[Opening INFORMATION PROVIDED section]

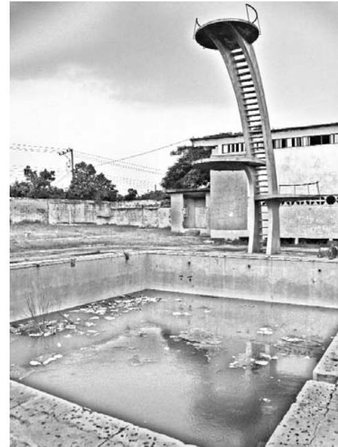
El Ciro Frías sufre la acción del tiempo y su rescate constituye todavía una quimera.
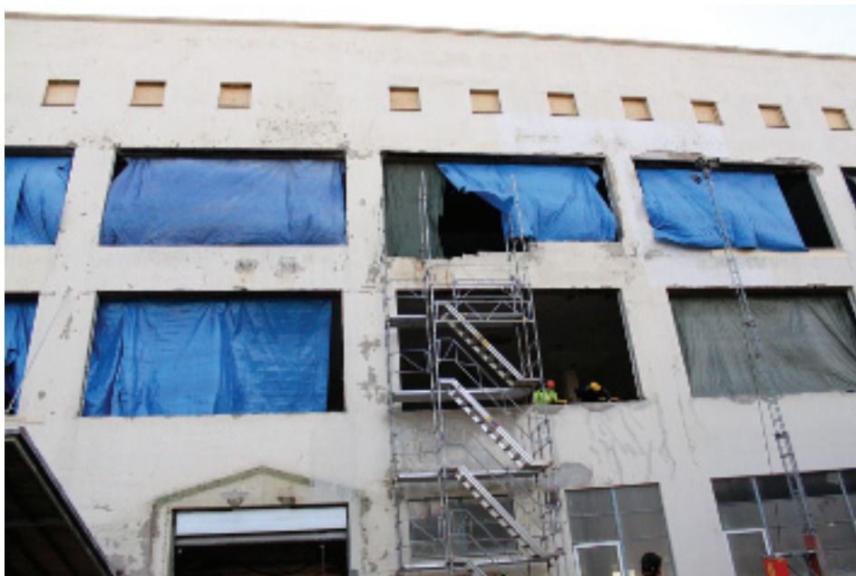
Simonslands spökfasad byter skepnad så sakteliga. Ödehusen förvandlas till textilt centrum.
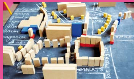
Maquette au retour d'un voyage à travers Molenbeek

Bravo ! Ecole 1 « La Rose des Vents », Ecole 2 « Emeraude », Ecole 5 « Ecole Chouette », Ecole 7 « Arc-en-Ciel », Ecole 10 « La Cité des Enfants », Ecole 11 « Aux Sources du Gai Savoir », Ecole « Windekind », Ecole « Windroos »
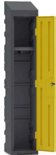
Casier vestiaire qualité alimentaire avec une étagère tringle
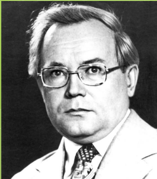
А. П. Ершов
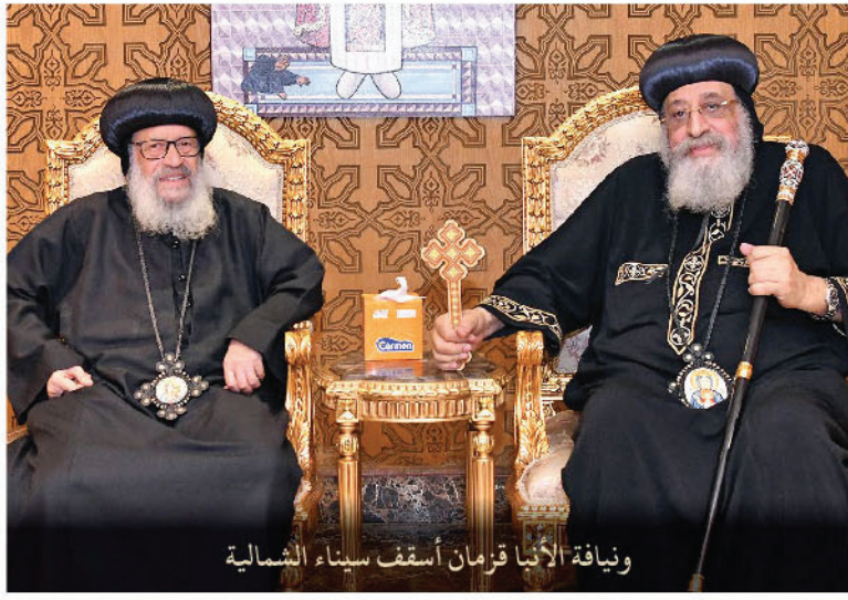
ويناقة الأنبا قزمان أسقف سيناء الشمالية
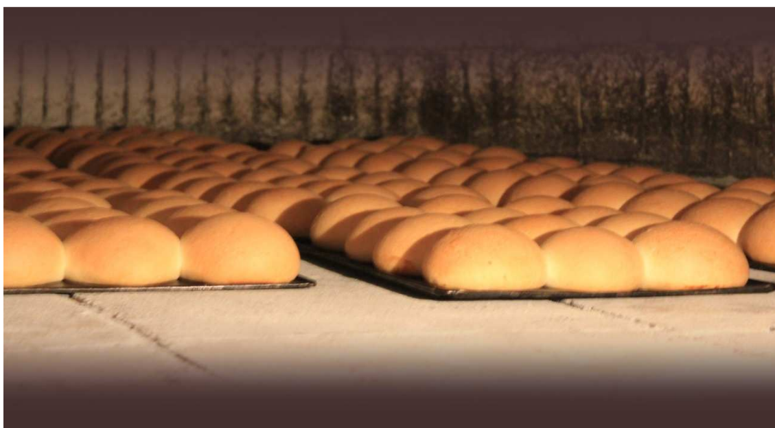
Coques de patata al forn de Can Molinas.

Tradicionalment , però, la coca de patates es presentava en racions que es treien de coques més grosses. Va esser Don Miquel Cañellas , del forn de Can Molinas de Valldemossa qui va millorar l'elaboració i popularitzà un format "individual", devers l'any 1920 .
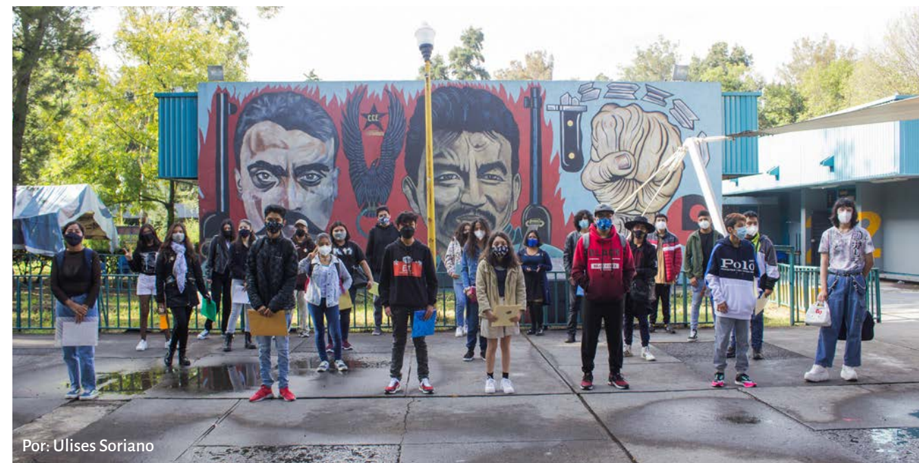
Por: Ulises Soriano

con el alma aferrada a la dulce esperanza
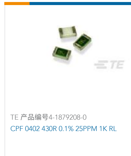
TE 产品编号4-1879208-0 CPF 0402 430R 0.1% 25PPM 1K RL
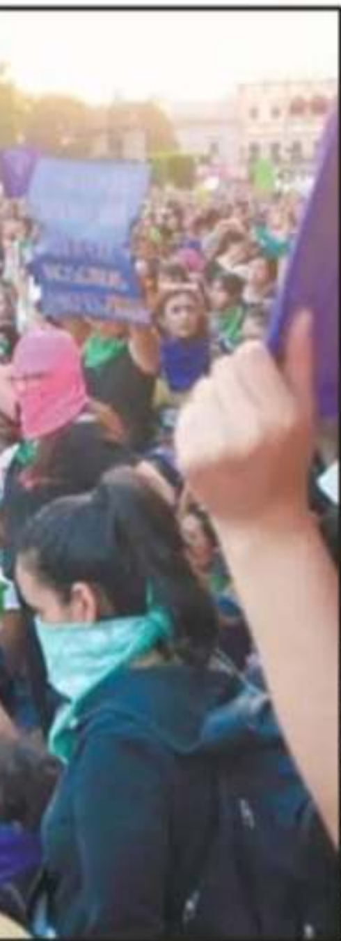
ORMALIZAR LA VIOLENCIA EN SU CONTRA.
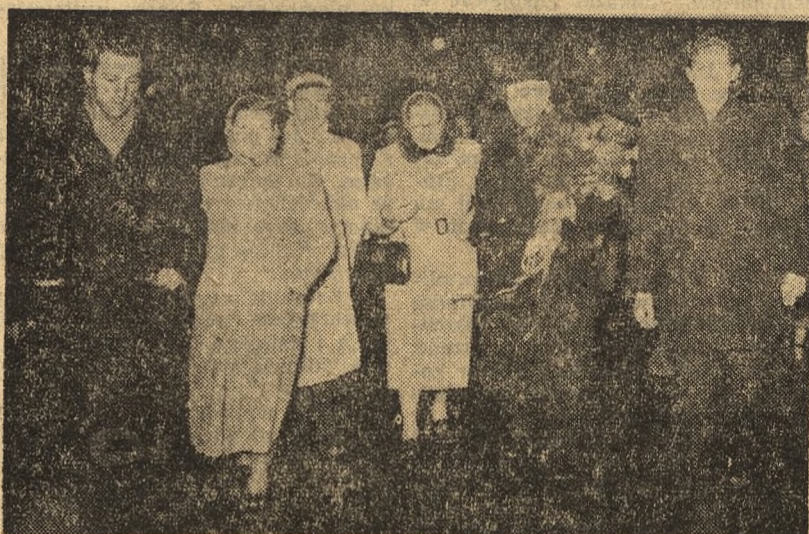
W związku z Miesiącem Pogłębienia Przyjaźni Polsko-Radzieckiej na zaproszenie TPPR przybyła do Warszawy w dniu 6 bm. delegacja Wszechzwiązkowego Towarzystwa Łączności Kulturalnej z Zagranicą (WOKS).

Na dworcu w Warszawie gości radzieckich powitali przedstawiciele Zarządu Głównego TPPR, Związku Literatów Polskich oraz liczne rzesze studentów Uniwersytetu Warszawskiego i SGPiS.
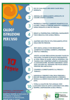
1 - Caldo? Istruzioni per l'uso

Sul sito del Ministero della salute, sono inoltre riportati opuscoli sia di carattere generale (consigli per proteggersi dal caldo), sia di carattere specifico (es. cura degli animali di affezione, viaggiare sicuri ecc.). Gli opuscoli, che saranno messi a disposizione sulla pagina informativa del sito di ATS Brianza, sono:
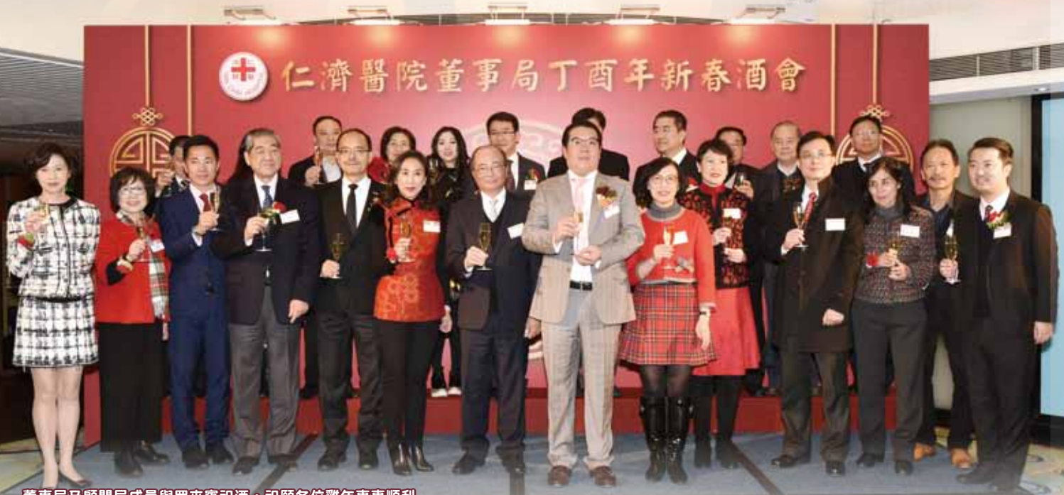
董事局及顧問局成員與眾來賓祝酒，祝願各位雞年事事順利

本院亦藉此佳節頒發長期服務獎予接近900位服務醫院、學校及社會服務單位滿10至30年的同事，以及多位榮休員工，以表揚他們對社會及本院多年來的貢獻。
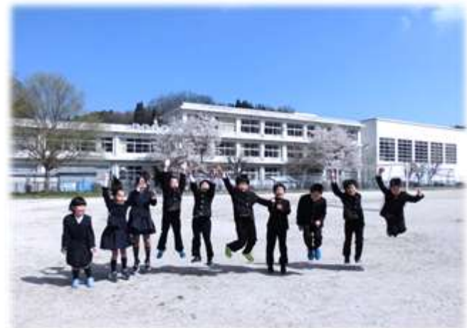
↑3年生「どんときもスマイルでがんばるぞ！」

ここまで大きな混乱もなく生活できており、このやり方がすっかり浸透したと実感しています。鳴らさないことによるデメリットも確かにありますが、それを上回る教育的効果があると信じて、子どもたちの様子を見守りたいと思います。
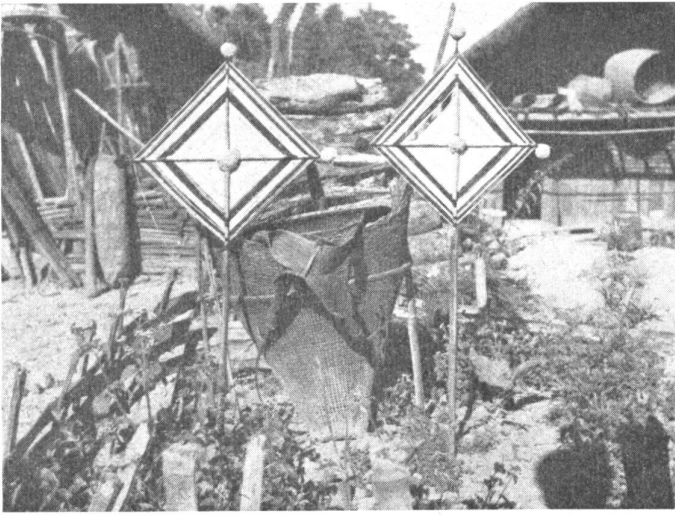
Bild 1: Mit schwarz-weiß-roten Fadenkreuzen versehenes Grab der Angami-Naga.

Formeln, die oft auch innerlich angewendet werden. Demselben Zweck dienen auch Pillen, schwarze Kugeln aus Gerstenmehl, die Reliquien von Heiligen, sogar Stückchen Kot vom Dalai-Lama enthalten. In vielen Fällen erfolgt die Heilung, wie man glaubt, durch Vermittlung überirdischer Mächte, durch die Schutzgottheiten.

[Closing INFORMATION PROVIDED section]

# WHAT YOU SHOULD DO:
Your task is to retype exactly the lines that run from the line with "con el alma aferrada a la dulce esperanza" through the last line of the material, with the pictures left out.

# RESPONSE BOX:
con el alma aferrada a la dulce esperanza
TE 产品编号4-1879208-0 CPF 0402 430R 0.1% 25PPM 1K RL
ORMALIZAR LA VIOLENCIA EN SU CONTRA.
W związku z Miesiącem Pogłębienia Przyjaźni Polsko-Radzieckiej na zaproszenie TPPR przybyła do Warszawy w dniu 6 bm. delegacja Wszechzwiązkowego Towarzystwa Łączności Kulturalnej z Zagranicą (WOKS).

Na dworcu w Warszawie gości radzieckich powitali przedstawiciele Zarządu Głównego TPPR, Związku Literatów Polskich oraz liczne rzesze studentów Uniwersytetu Warszawskiego i SGPiS.
1 - Caldo? Istruzioni per l'uso

Sul sito del Ministero della salute, sono inoltre riportati opuscoli sia di carattere generale (consigli per proteggersi dal caldo), sia di carattere specifico (es. cura degli animali di affezione, viaggiare sicuri ecc.). Gli opuscoli, che saranno messi a disposizione sulla pagina informativa del sito di ATS Brianza, sono:
董事局及顧問局成員與眾來賓祝酒，祝願各位雞年事事順利

本院亦藉此佳節頒發長期服務獎予接近900位服務醫院、學校及社會服務單位滿10至30年的同事，以及多位榮休員工，以表揚他們對社會及本院多年來的貢獻。
↑3年生「どんときもスマイルでがんばるぞ！」

ここまで大きな混乱もなく生活できており、このやり方がすっかり浸透したと実感しています。鳴らさないことによるデメリットも確かにありますが、それを上回る教育的効果があると信じて、子どもたちの様子を見守りたいと思います。
Bild 1: Mit schwarz-weiß-roten Fadenkreuzen versehenes Grab der Angami-Naga.

Formeln, die oft auch innerlich angewendet werden. Demselben Zweck dienen auch Pillen, schwarze Kugeln aus Gerstenmehl, die Reliquien von Heiligen, sogar Stückchen Kot vom Dalai-Lama enthalten. In vielen Fällen erfolgt die Heilung, wie man glaubt, durch Vermittlung überirdischer Mächte, durch die Schutzgottheiten.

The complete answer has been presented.